##### Data

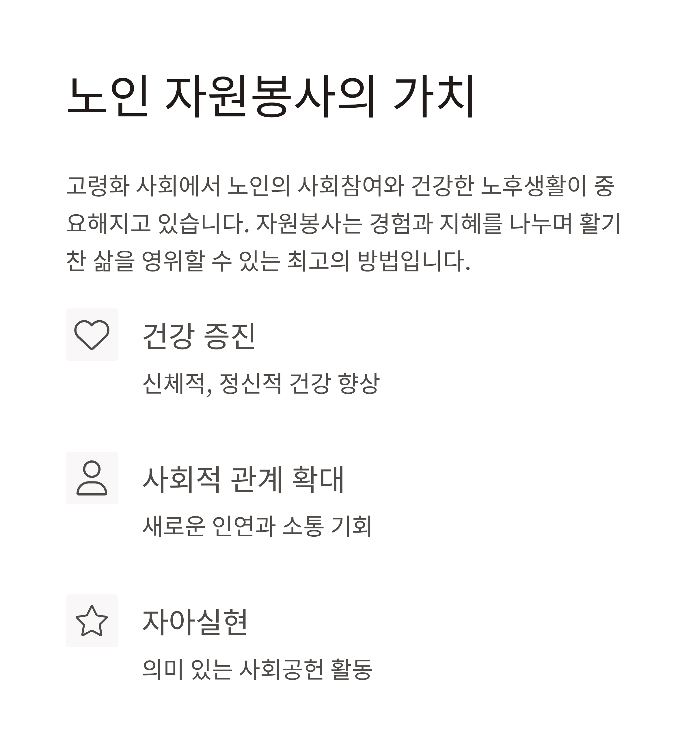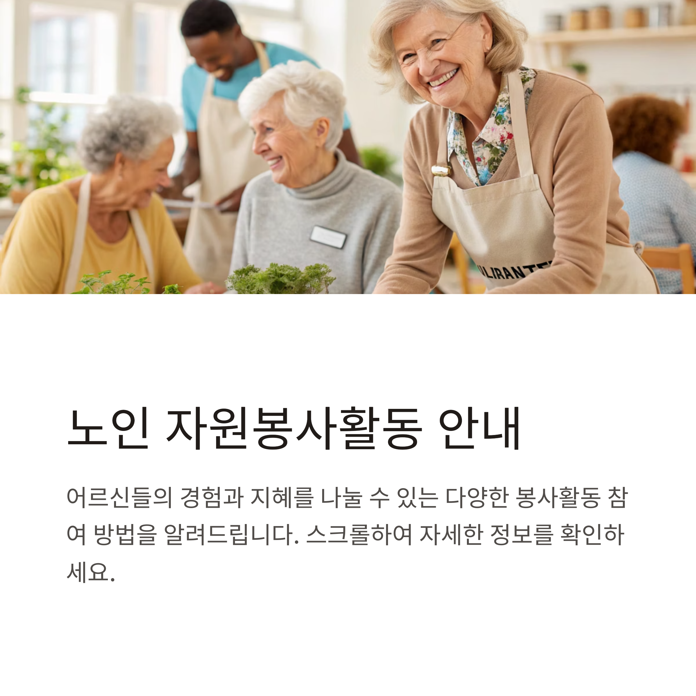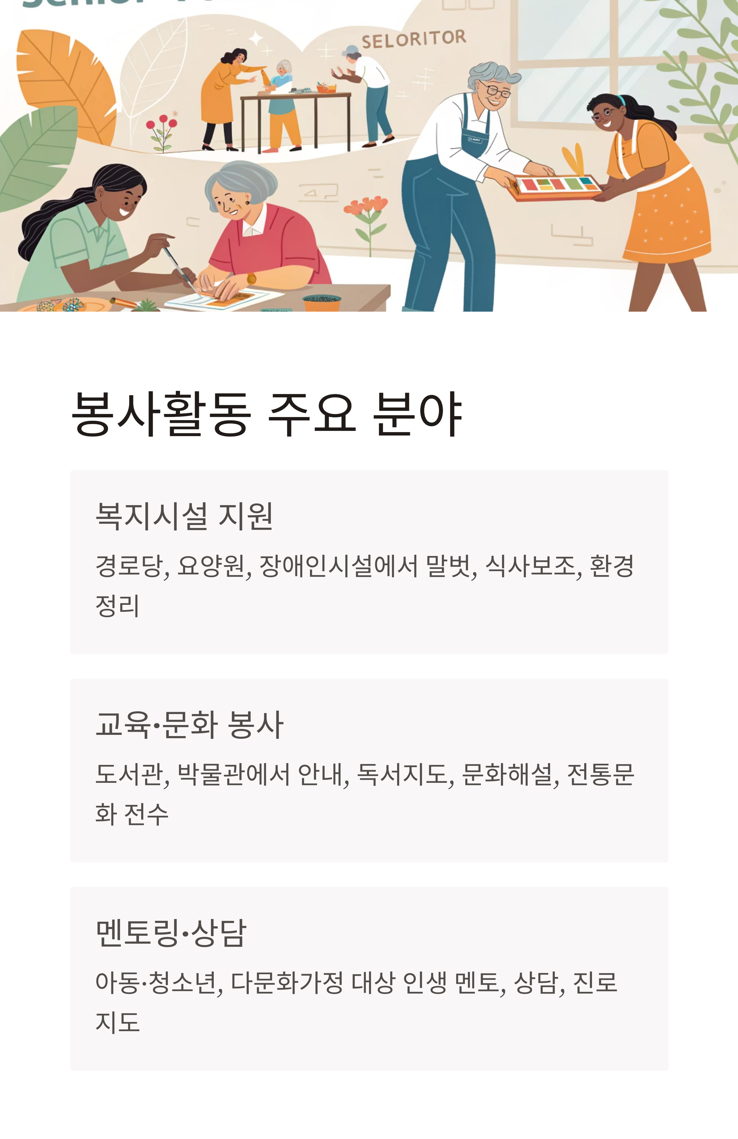 - 복지시설 지원: 경로당, 요양원, 장애인시설, 지역아동센터 등에서 말벗, 식사보조, 환경정리, 프로그램 지원
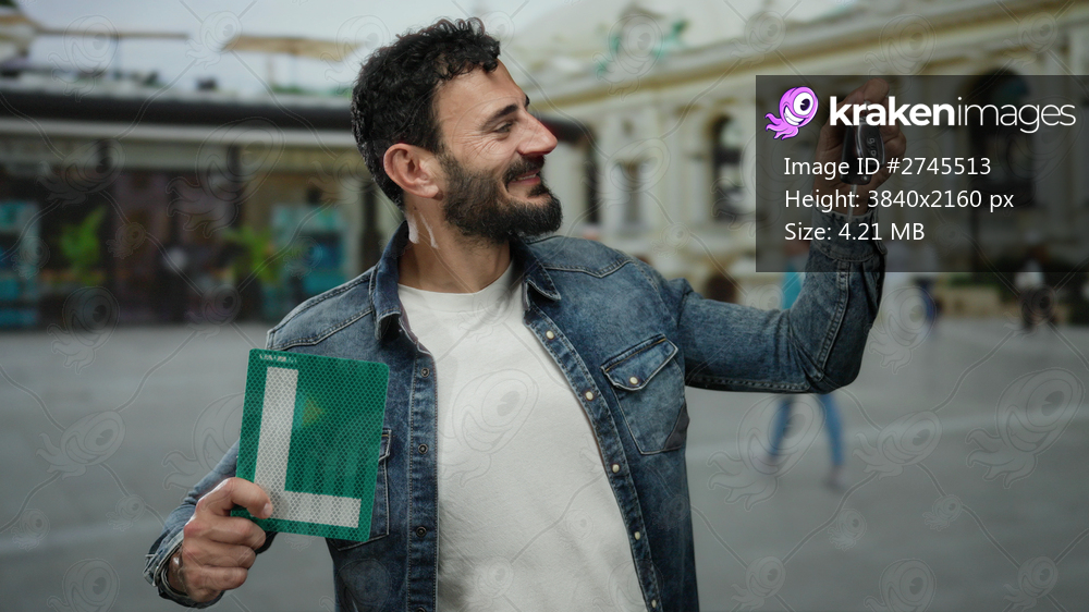 Hispanic man with beard holding car keys and learner sign outdoors on street, showcasing achievement in driving skills.
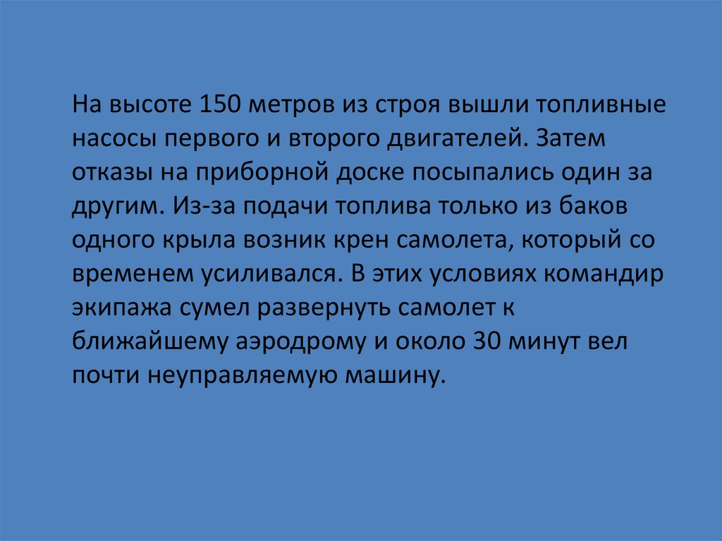 На высоте 150 метров из строя вышли топливныенасосы первого и второго двигателей. Затем
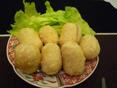 ハンスイゴゥと読みます。もち米粉などを使って皮をつくり、あんを包んで油揚げすることしばし。お店では結構値が張るお料理らしいです。
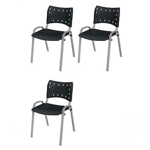 KIT 3 CADEIRA ISO EMPILHAVEL BASE CINZA ESCRITORIO, , - PRETO
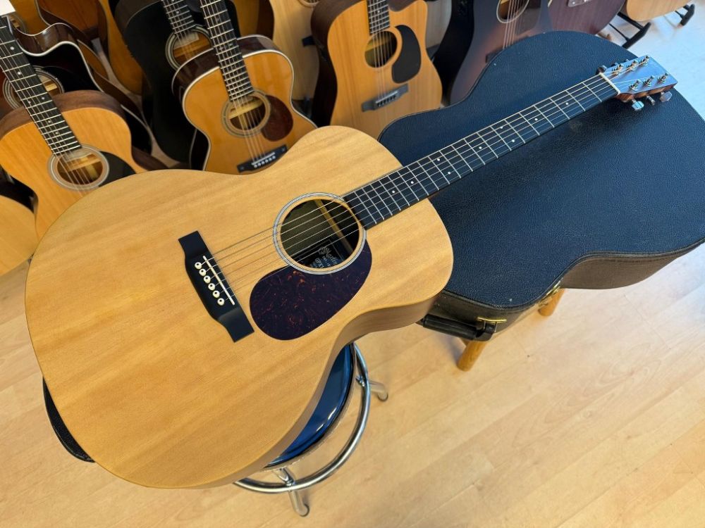 A Grand Performance-14 fret, non-cutaway, acoustic-electric model that features a Sitka spruce top and high-pressure laminate mahogany-grained back and sides. The rust colored laminate neck complements the rich hue of the back and sides, making this an aesthetic beauty. Equipped with Fishman Sonitone electronics with USB for a great dynamic sound.
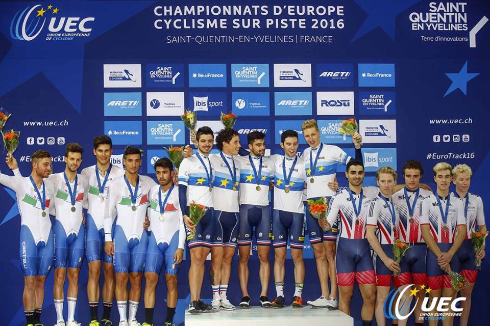 3 Italia (Bertazzo Liam Consonni Simone Lamon Francesco Scartezzini Michele) 3’57”564 – Danimarca (Von Folsach Casper ,Pedersen Casper Phillip, Madsen Frederik Rodenberg, Larsen Niklas) 3’59”334
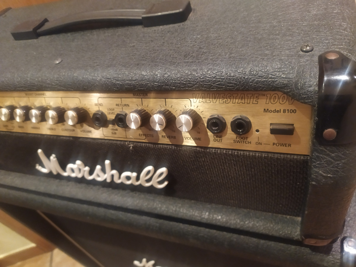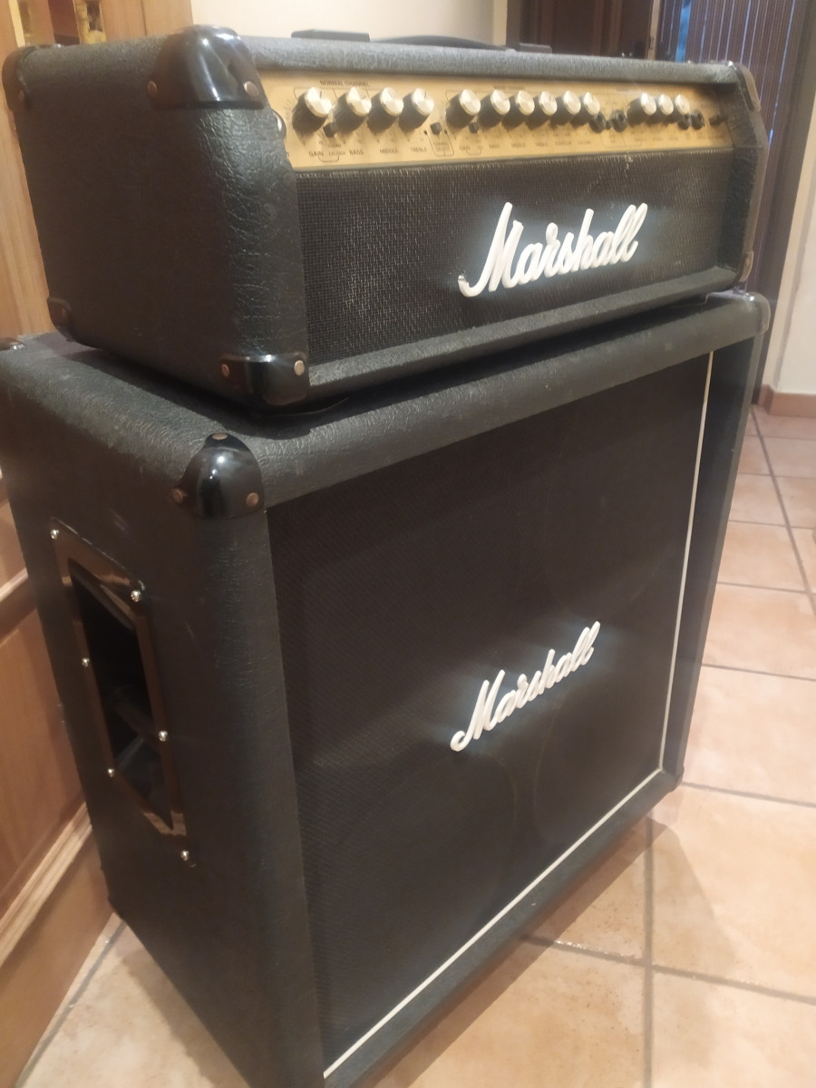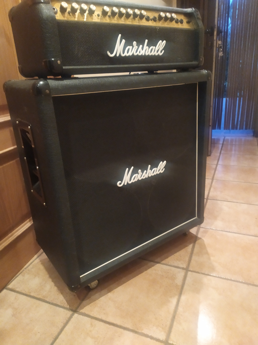 Cabezal y Pantalla del Mejor Válvestate que ha sacado Marshall, Sonido Redondo y Cálido para tocar Rock y Metal, completamente revisado y a toda prueba, incluyo Pantalla de 4 x 12, Sonido y volumen para tirar un edificio y a la vez buen sonido para tocar en casa pues al ser de transistores con válvula en previo puedes ajustar el volumen a la perfección.670412750
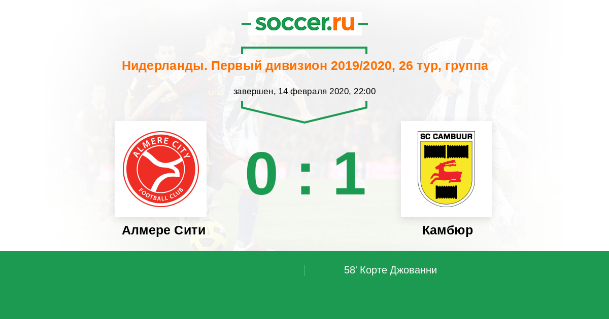 58' (0:1) Корте Джованни (11) (Антониа Ярчинио (27))
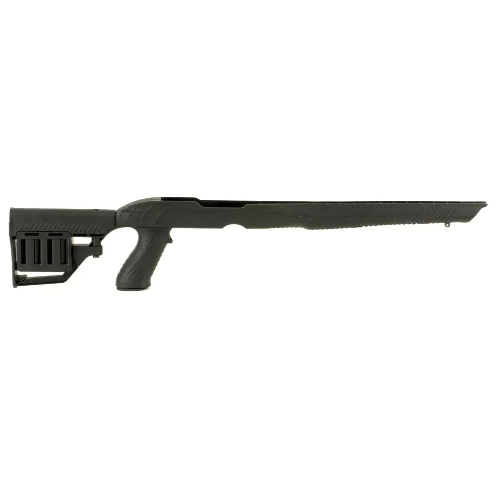 The Tac-Hammer RM4 Stock is the most advanced and versatile stock available for the extremely popular Ruger 10/22 rifle. This innovative stock is loaded with more features than any other on the market. The removable barrel insert provides a custom fit for both standard tapered barrels and .920″ bull barrels. Patented Stowaway accessory rail is concealed in the forend. When reversed, the rail is available for a bi-pod or other accessories. Get custom length-of-pull for proper fit and improved performance with the adjustable M4 type butt-stock, equipped with ambidextrous storage compartments for two spare Ruger rotary magazines. (Magazines not included)
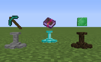 我的世界物品基座悬浮展示MOD,作者在游戏中制作了10中全新的基座道具,以便玩家们将物品放在上方展示,具体的有石基座、木基座和钻石基座,具体效果如下图,喜欢的玩家可以下载使用,MOD适用于游戏版本v1.12.2,需要Forge 14.23.5.2768安装。

##########

* [Exercise]: Restate the whole listing word for word. Omit the pictures.

* [Exercise output]:
 - 복지시설 지원: 경로당, 요양원, 장애인시설, 지역아동센터 등에서 말벗, 식사보조, 환경정리, 프로그램 지원
 Hispanic man with beard holding car keys and learner sign outdoors on street, showcasing achievement in driving skills.
 На высоте 150 метров из строя вышли топливныенасосы первого и второго двигателей. Затем
 ハンスイゴゥと読みます。もち米粉などを使って皮をつくり、あんを包んで油揚げすることしばし。お店では結構値が張るお料理らしいです。
 KIT 3 CADEIRA ISO EMPILHAVEL BASE CINZA ESCRITORIO, , - PRETO
 A Grand Performance-14 fret, non-cutaway, acoustic-electric model that features a Sitka spruce top and high-pressure laminate mahogany-grained back and sides. The rust colored laminate neck complements the rich hue of the back and sides, making this an aesthetic beauty. Equipped with Fishman Sonitone electronics with USB for a great dynamic sound.
 3 Italia (Bertazzo Liam Consonni Simone Lamon Francesco Scartezzini Michele) 3’57”564 – Danimarca (Von Folsach Casper ,Pedersen Casper Phillip, Madsen Frederik Rodenberg, Larsen Niklas) 3’59”334
 Cabezal y Pantalla del Mejor Válvestate que ha sacado Marshall, Sonido Redondo y Cálido para tocar Rock y Metal, completamente revisado y a toda prueba, incluyo Pantalla de 4 x 12, Sonido y volumen para tirar un edificio y a la vez buen sonido para tocar en casa pues al ser de transistores con válvula en previo puedes ajustar el volumen a la perfección.670412750
 58' (0:1) Корте Джованни (11) (Антониа Ярчинио (27))
 The Tac-Hammer RM4 Stock is the most advanced and versatile stock available for the extremely popular Ruger 10/22 rifle. This innovative stock is loaded with more features than any other on the market. The removable barrel insert provides a custom fit for both standard tapered barrels and .920″ bull barrels. Patented Stowaway accessory rail is concealed in the forend. When reversed, the rail is available for a bi-pod or other accessories. Get custom length-of-pull for proper fit and improved performance with the adjustable M4 type butt-stock, equipped with ambidextrous storage compartments for two spare Ruger rotary magazines. (Magazines not included)
 我的世界物品基座悬浮展示MOD,作者在游戏中制作了10中全新的基座道具,以便玩家们将物品放在上方展示,具体的有石基座、木基座和钻石基座,具体效果如下图,喜欢的玩家可以下载使用,MOD适用于游戏版本v1.12.2,需要Forge 14.23.5.2768安装。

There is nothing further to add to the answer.